POSTTREATMENT SURVEILLANCE — There are no prospective data that address the appropriate schedule or selection of tests for surveillance for patients with ES after initial treatment for localized disease. Consensus-based guidelines from the National Comprehensive Cancer Network (NCCN) [107] and from the Children's Oncology Group (COG) [108] recommend physical examination, a complete blood count, chest imaging, and surveillance imaging for primary site and distant recurrences every three months for two years, every six months for years 3 to 5, and annually thereafter (table 2) [107,109].
Local imaging of the primary site depends upon the specific site and prior local therapy. For example:
●Patients with a metal endoprosthesis are usually imaged with plain radiographs. Magnetic resonance imaging (MRI) of the primary site may offer little in the way of diagnostic information if a metal endoprosthesis is present. In addition, some patients treated with extendible endoprostheses cannot have an MRI. MRI and computed tomography (CT) techniques with metal subtraction are available but may not be necessary for most patients.
●For patients treated with prior radiation therapy (RT), MRI may continue to be used.
●For patients with chest wall primary tumors, a chest CT scan or chest radiograph may be used, depending upon level of concern for risk of recurrence.

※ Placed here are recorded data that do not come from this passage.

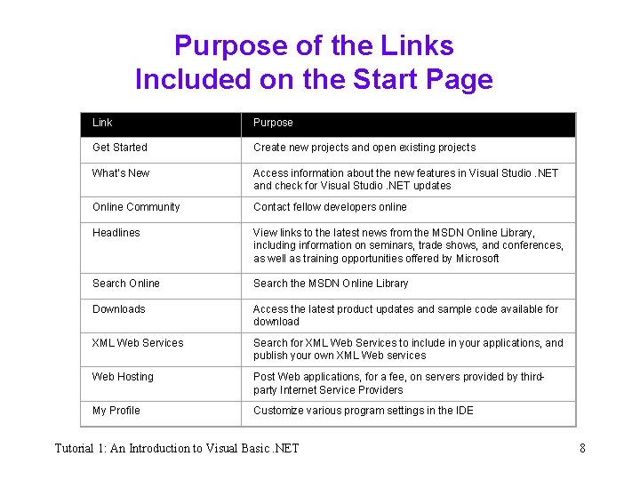 Purpose of the Links Included on the Start Page Link Purpose Get Started Create new projects and open existing projects What’s New Access information about the new features in Visual Studio. NET and check for Visual Studio. NET updates Online Community Contact fellow developers online Headlines View links to the latest news from the MSDN Online Library, including information on seminars, trade shows, and conferences, as well as training opportunities offered by Microsoft Search Online Search the MSDN Online Library Downloads Access the latest product updates and sample code available for download XML Web Services Search for XML Web Services to include in your applications, and publish your own XML Web services Web Hosting Post Web applications, for a fee, on servers provided by thirdparty Internet Service Providers My Profile Customize various program settings in the IDE Tutorial 1: An Introduction to Visual Basic. NET 8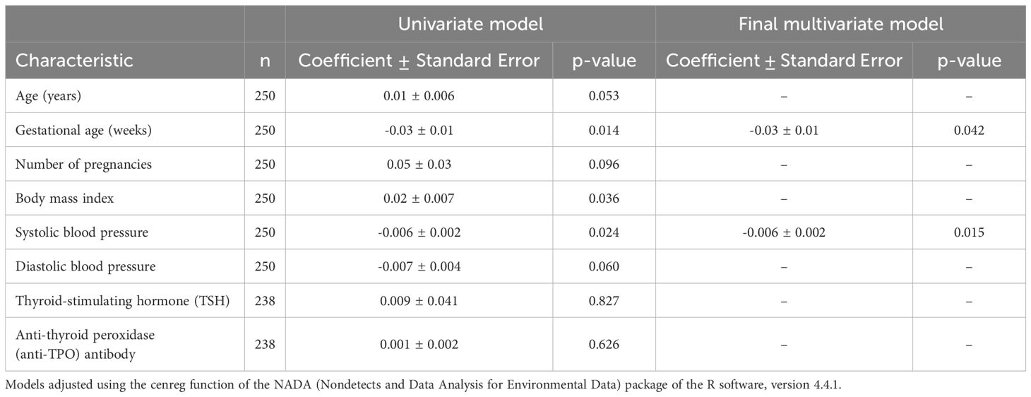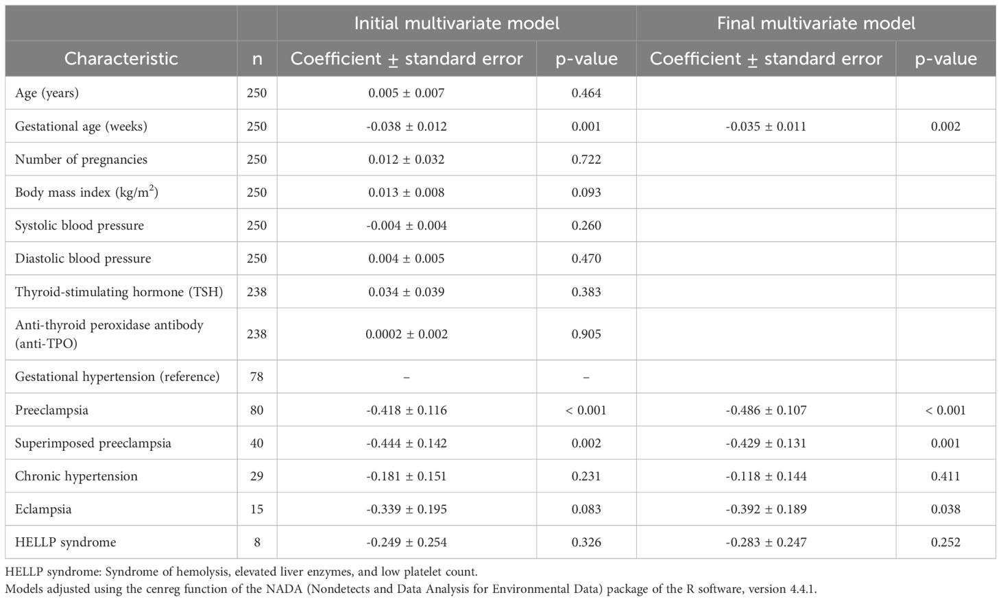 Methods: This cross-sectional study was conducted in a referral maternity hospital in Paraíba, Brazil between June 2022 and April 2023. A total of 250 women over 18 years of age, in the third trimester of pregnancy and diagnosed with hypertensive disorders were included. Clinical and epidemiological data, as well as TSH, anti-TPO antibodies and UIC were assessed. Iodine deficiency was defined as UIC levels <150 μg/L. Correlations between UIC and the study variables were analyzed using regression models adjusted with the cenreg function of the Nondetects and Data Analysis for Environmental Data (NADA) statistical package.
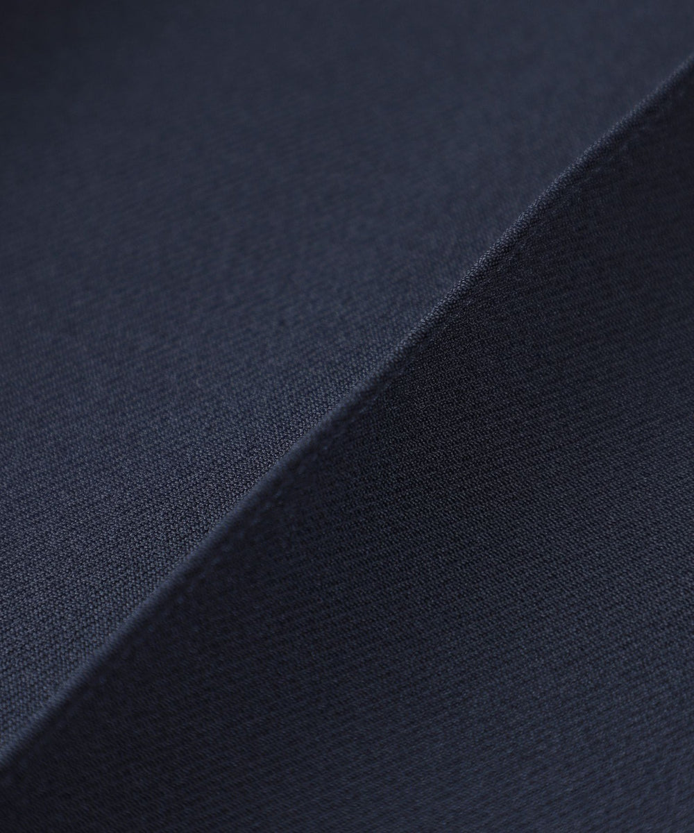 三重織のポリエステル素材です。ドライタッチな肌触りで、フォルムが出やすいふっくらとした生地感が特徴。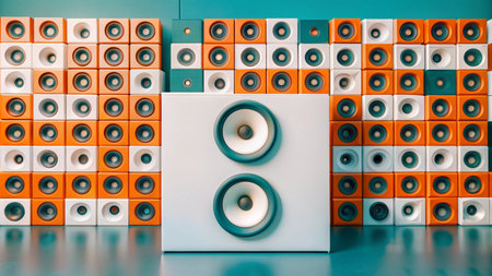 A white speaker with two speakers in front of a wall of smaller speakers in orange and white.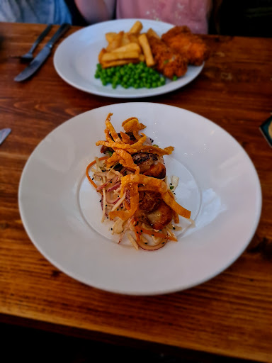 Ordered fish and chips and the chips were good but the fish was very greasy and made us feel queasy. To our surprise as not mentioned on the menu, the peas came with onion diced up small amongst it. Personally I don't feel the flavours go together but more importantly, my husband has an onion allergy and the pieces were so small they were difficult to retrieve and would have tainted the whole flavouring anyway. Portion sizes were very small too and over priced.

For surveillance imaging of potential distant metastases, we perform a chest radiograph, with subsequent evaluation using chest CT for abnormal imaging. Patients with symptoms or abnormal imaging or those who are planning surgical interventions may also be offered fluorodeoxyglucose (FDG) positron emission tomography (PET)-CT. A meta-analysis study showed that FDG-PET and PET-CT have a high accuracy in detecting distant metastases and postoperative recurrences in patients with ES [110].
The appropriate duration of follow-up is unknown. Given the possibility of late relapse (although the vast majority of recurrences are observed within 10 years) and late development of treatment-related complications such as second neoplasms, some suggest that the patient be followed indefinitely [111]. There are no definite protocols for this, but the authors suggest that survivors have ongoing surveillance for late effects or late relapse. (See 'Evaluation' below.)
Physicians performing posttreatment surveillance must be cognizant of concerns for radiation exposure and the risk for secondary malignancies, particularly in younger individuals. (See 'Complications in long-term survivors' below and "Radiation-related risks of imaging".)
RECURRENT DISEASE — The majority of relapses occur within two years of initial diagnosis, but late relapse is not uncommon [112-114]. In a report from the Childhood Cancer Survivor Study (CCSS), the 20-year cumulative incidence of a late recurrence among five-year survivors of ES was 13 percent [114]. For this reason, it is advisable that patients be followed for the potential of late relapse indefinitely. (See 'Posttreatment surveillance' above.)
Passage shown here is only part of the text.